Mas não é de estranhar que o deputado federal Fernando de Fabinho, cujas ambições incluem a prefeitura de Feira de Santana, não se acanhe de ajudar a empurrar adiante tal idéia. Pois ele sabe que o apoio de tantos vereadores gratos que podem entrar pela janela vale mais do que o pequeno desgaste junto ao eleitorado. Afinal, pouquíssima gente vai se lembrar de que ele ajudou a patrocinar este vexame.
E é por isso tudo que o Legislativo federal não quer fazer uma reforma política de verdade, em que diminua o peso do poder econômico na disputa e onde o sistema representativo seja justo. Esperar uma reforma política séria é tão inútil quanto querer que eles abaixem os próprios salários.

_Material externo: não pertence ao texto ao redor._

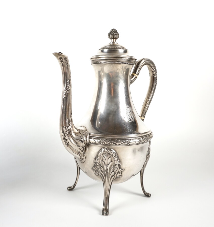 Emile PUIFORCAT : Service à thé et café 4 pièces de style Louis XVI, en argent massif, poinçon Minerve, comprenant théière, cafetière, pot à sucre et pot à lait, à décor de frises de lauriers, perles et godrons, chiffré "BH", les pieds feuillagés et ornés de rubans, le fretel formant une pomme de pin, H. de 13 à 27 cm. Poids brut : 2 100 g environ.

Publicado na Tribuna Feirense em 27/04/06

14.4.06

O problema é político

Tem razão o chefe da Vigilância Sanitária do município, Délio Barbosa, quando afirma que as reclamações de moradores acerca do mau cheiro em Humildes, provocado por uma atividade empresarial, são um problema político.
É um problema político, como é político o problema da violência, a falta de educação, o buraco, a construção de quadras de esporte, a cultura, a preservação do patrimônio, a habitação popular e o transporte de massa.
O problema é político porque afeta as pessoas e as pessoas são políticas, ainda quando analfabetas políticas.
O problema também é político por estarem vereadores, de alguma forma, envolvidos com ele, pois os moradores querem mesmo ajuda do Legislativo para resolver o impasse.
É político também porque a Vigilância Sanitária é um cargo público.
É político porque diz respeito a uma comunidade e os políticos têm que agir no interesse da coletividade e não de grupos ou amigos mais influentes.
E tanto é político o problema que José Ronaldo, como político que é, tomou a frente para dizer que vai resolver e não ficou tentando negar os fatos e olfatos, como fez Délio ao abordar o assunto no rádio, querendo convencer o ouvinte de que as manifestações dos moradores, que discursaram até na Tribuna Livre da Câmara, eram insufladas pelo vereador oposicionista Marialvo Barreto.
Pois, agindo como quem pensa, inclusive politicamente, o prefeito percebeu que se a ação em Humildes render dividendos políticos a quem reclama, há de render a quem resolve porque tem o poder e o dever de resolver.
O problema é político. Ronaldo ensinou na prática o que Délio só sabia na teoria. Que seja bom aluno e tenha aprendido.